● EXERCISE BRIEF: For every record below, repeat the text exactly and pass over any image.

Excerpts from a dataset:
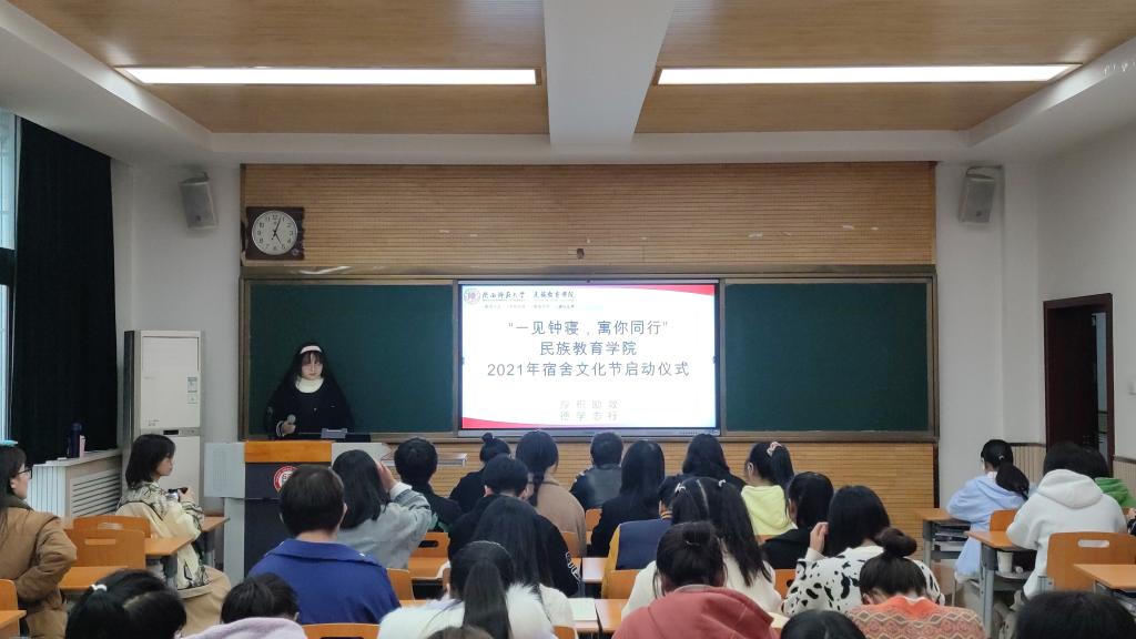 2021年11月16日17:00,同学们期待已久的“一见钟‘寝’,‘寓’你同行”宿舍文化节启动仪式在教学九楼9705教室成功举行。学院团总支书记热依木·努尔麦麦提、辅导员王霞、兼职辅导员夏逸静出席启动仪式,启动仪式由预科一班张敏捷主持。
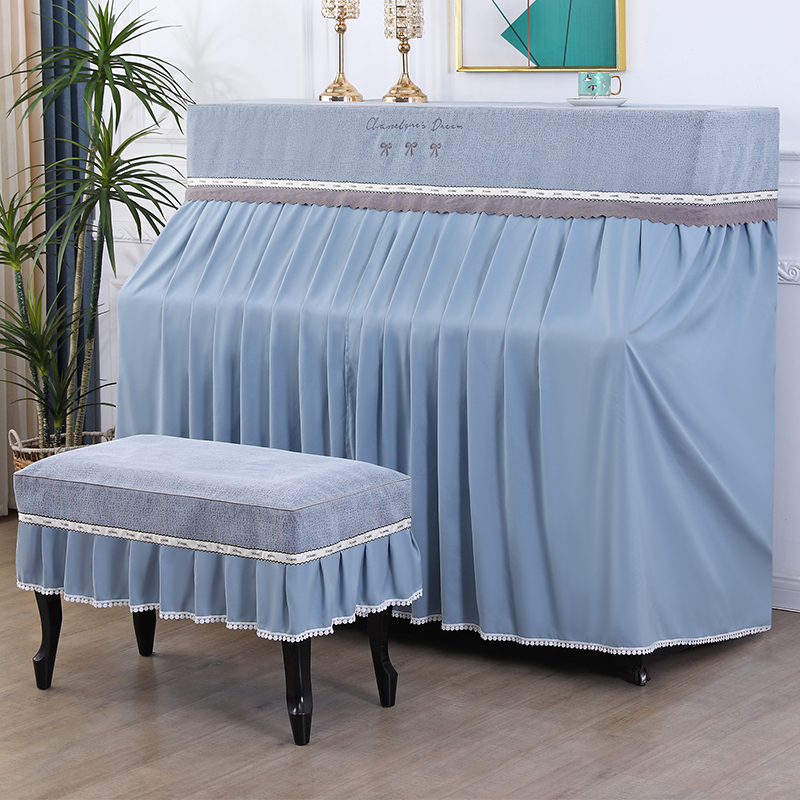 加厚布艺钢琴罩欧式 轻奢钢琴全罩中开钢琴套弹琴不取防尘罩琴凳罩
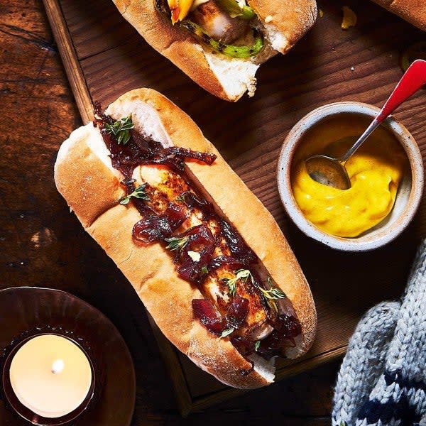 There’s no easier way to elevate the average hot dog than by topping it with caramelized onions that have been slow-cooked with fresh thyme and balsamic vinegar. The onions can be prepared well-ahead of time, up to two days in advance, simply bring them to room temperature before serving. Whether you cook your dogs on a BBQ or on an indoor grill, grilling the hot dogs adds a mouth-watering smoky taste that ties all the flavour components together.
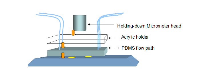 Fig.1 The flow path was fixed to a waveguide with Au spots.
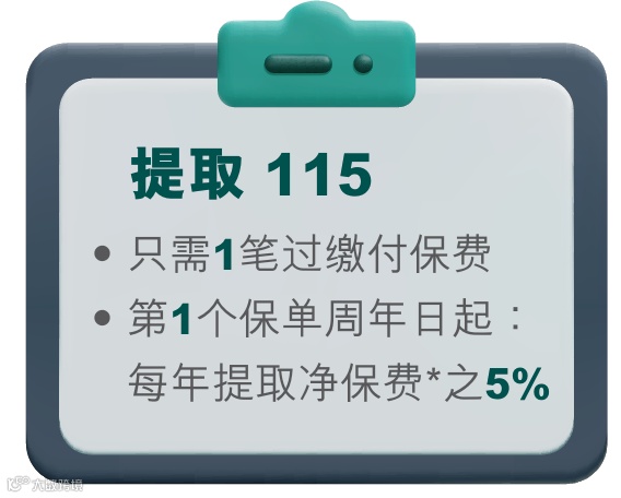 提取灵活:采用“115”提领方式,一次性缴清保费后,从第1个保单周年日起,每年可提取净保费的5%,满足流动性需求。
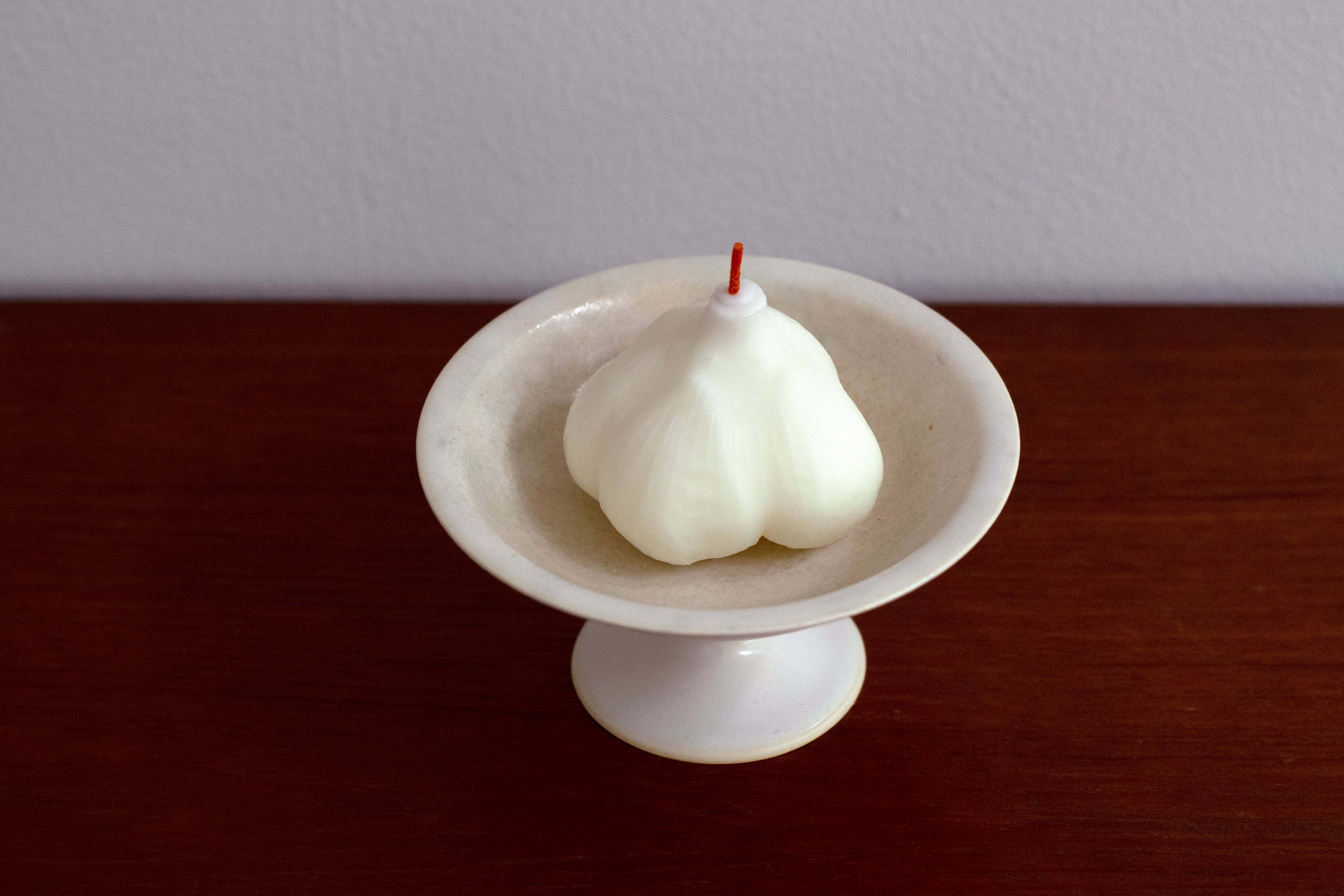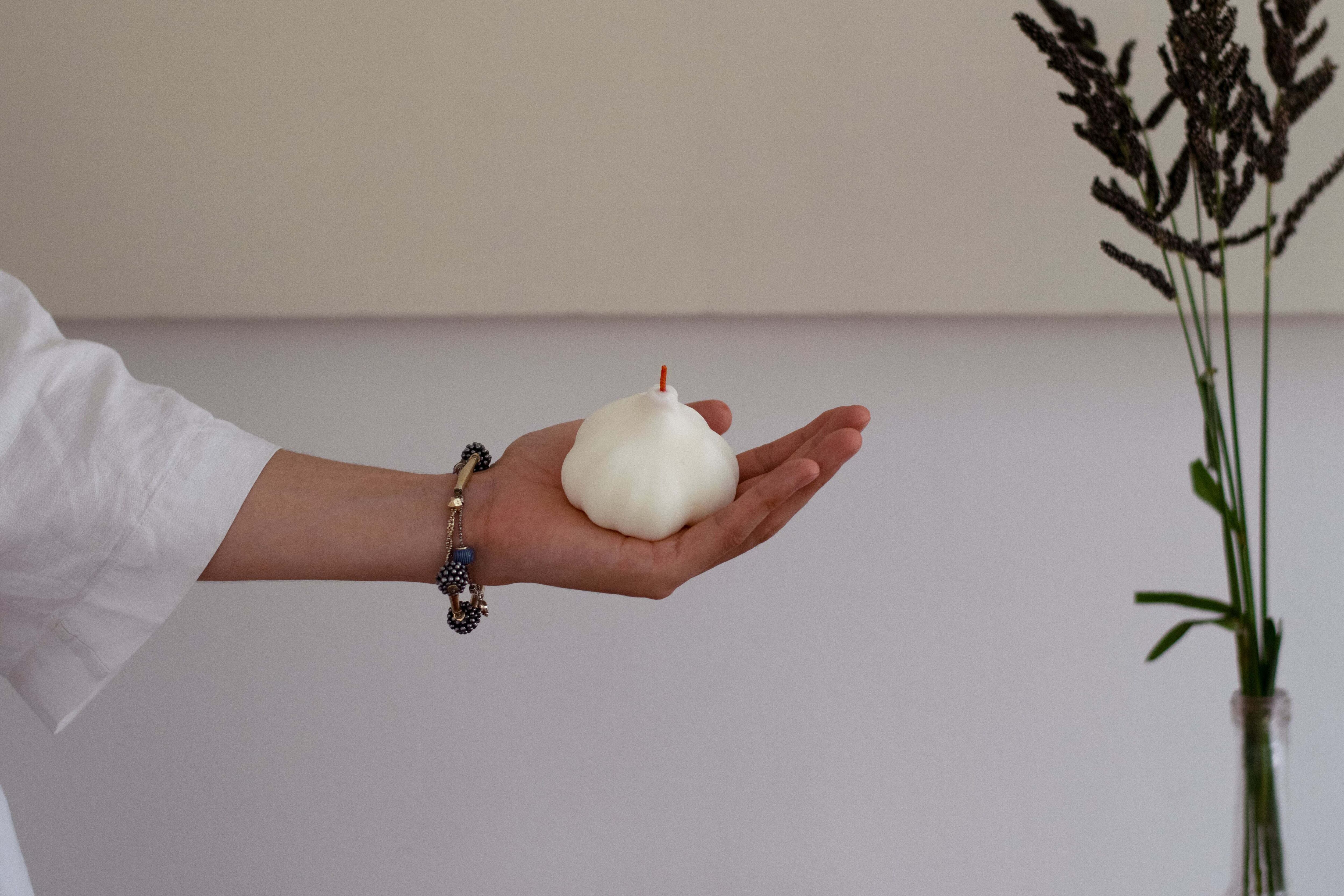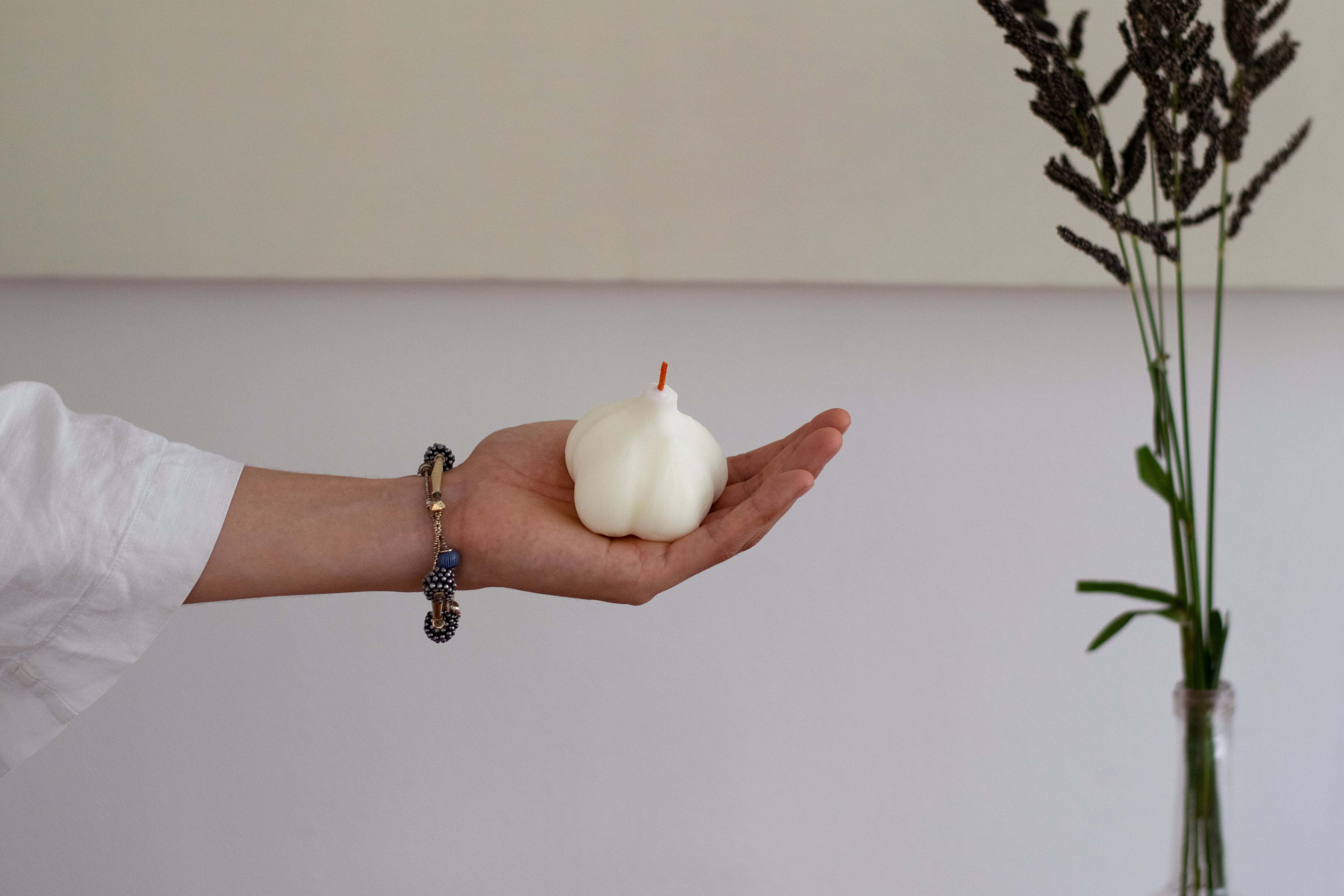 自然由来のソイワックスとミツロウを用いた、にんにく型のクラフトキャンドルになります。(※匂いはつけておらず、ニンニクの匂いもしません)

● EXPECTED ANSWER:
 2021年11月16日17:00,同学们期待已久的“一见钟‘寝’,‘寓’你同行”宿舍文化节启动仪式在教学九楼9705教室成功举行。学院团总支书记热依木·努尔麦麦提、辅导员王霞、兼职辅导员夏逸静出席启动仪式,启动仪式由预科一班张敏捷主持。
 加厚布艺钢琴罩欧式 轻奢钢琴全罩中开钢琴套弹琴不取防尘罩琴凳罩
 There’s no easier way to elevate the average hot dog than by topping it with caramelized onions that have been slow-cooked with fresh thyme and balsamic vinegar. The onions can be prepared well-ahead of time, up to two days in advance, simply bring them to room temperature before serving. Whether you cook your dogs on a BBQ or on an indoor grill, grilling the hot dogs adds a mouth-watering smoky taste that ties all the flavour components together.
 Fig.1 The flow path was fixed to a waveguide with Au spots.
 提取灵活:采用“115”提领方式,一次性缴清保费后,从第1个保单周年日起,每年可提取净保费的5%,满足流动性需求。
 自然由来のソイワックスとミツロウを用いた、にんにく型のクラフトキャンドルになります。(※匂いはつけておらず、ニンニクの匂いもしません)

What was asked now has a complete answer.